If you’re having trouble figuring out why a particular individual can’t access a page, click the “Solve permissions issues” link located on the right above the table of permissions. Begin entering the person’s name, last name first, and then select it from the list as the name resolves. You’ll see a table that lists that person’s permissions on every page from the top of the website to the page in question. If you run your mouse over a green checkmark, you’ll learn why the individual has the permissions he or she does have. A red X denotes where the individual is denied permission.

Note that in order to exercise advanced permissions on a page, an individual or group must have at least read permission on every page in the hierarchy from the top page of the website to the page in question.

One common ‘permission’ issue isn’t really about permissions.

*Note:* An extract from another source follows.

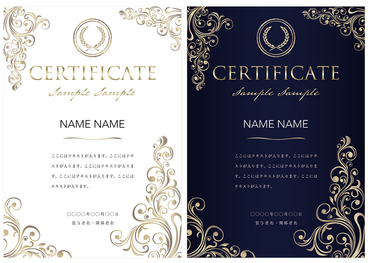 賞状、招待状、ディプロマ 、証書、表彰式、卒業式、記念賞、社内表彰などに最適なデザインテンプレート。
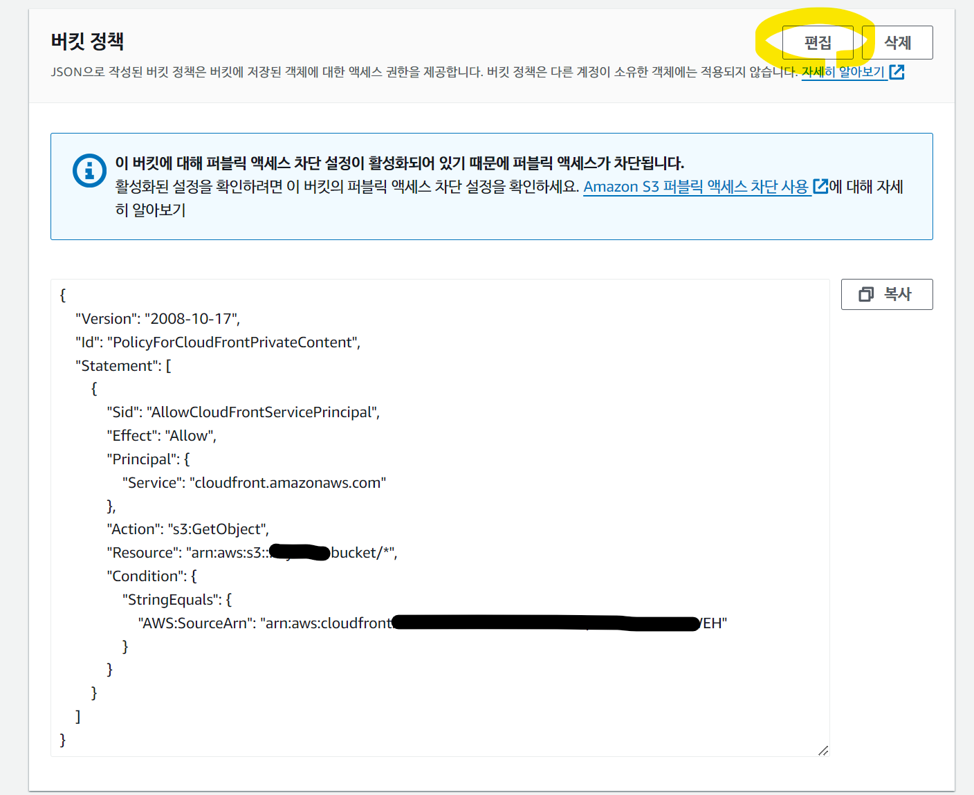 버킷 정책에서 '편집'을 통해서 복사한 '정책'을 붙여넣기 한다.

The system lets you hide pages—i.e., prevent them from appearing in the left-hand menu of pages. In order to see such a page in the menu, a person or group needs either top-level or add-content permissions on the page. Note that someone with read permission only can still access the page if you send them the link—or if they guess the URL. Hiding a page is different from restricting access using read permissions, though these are often used in tandem to keep people out of a page or section while you are developing new content.

Flags

In some cases, the system uses “flags” visible only to administrators and webmasters to fine tune how permissions work on a page. For example, faculty members have top-level permissions on all pages on their course websites, but they are unable to perform some top-level functions on system-generated pages because these pages have a “limit_write” flag set. The flag is used on these pages to keep them from being renamed or deleted, which would break the course website. If you can’t do something on a page where you appear to have all the right permissions, call the Help Desk.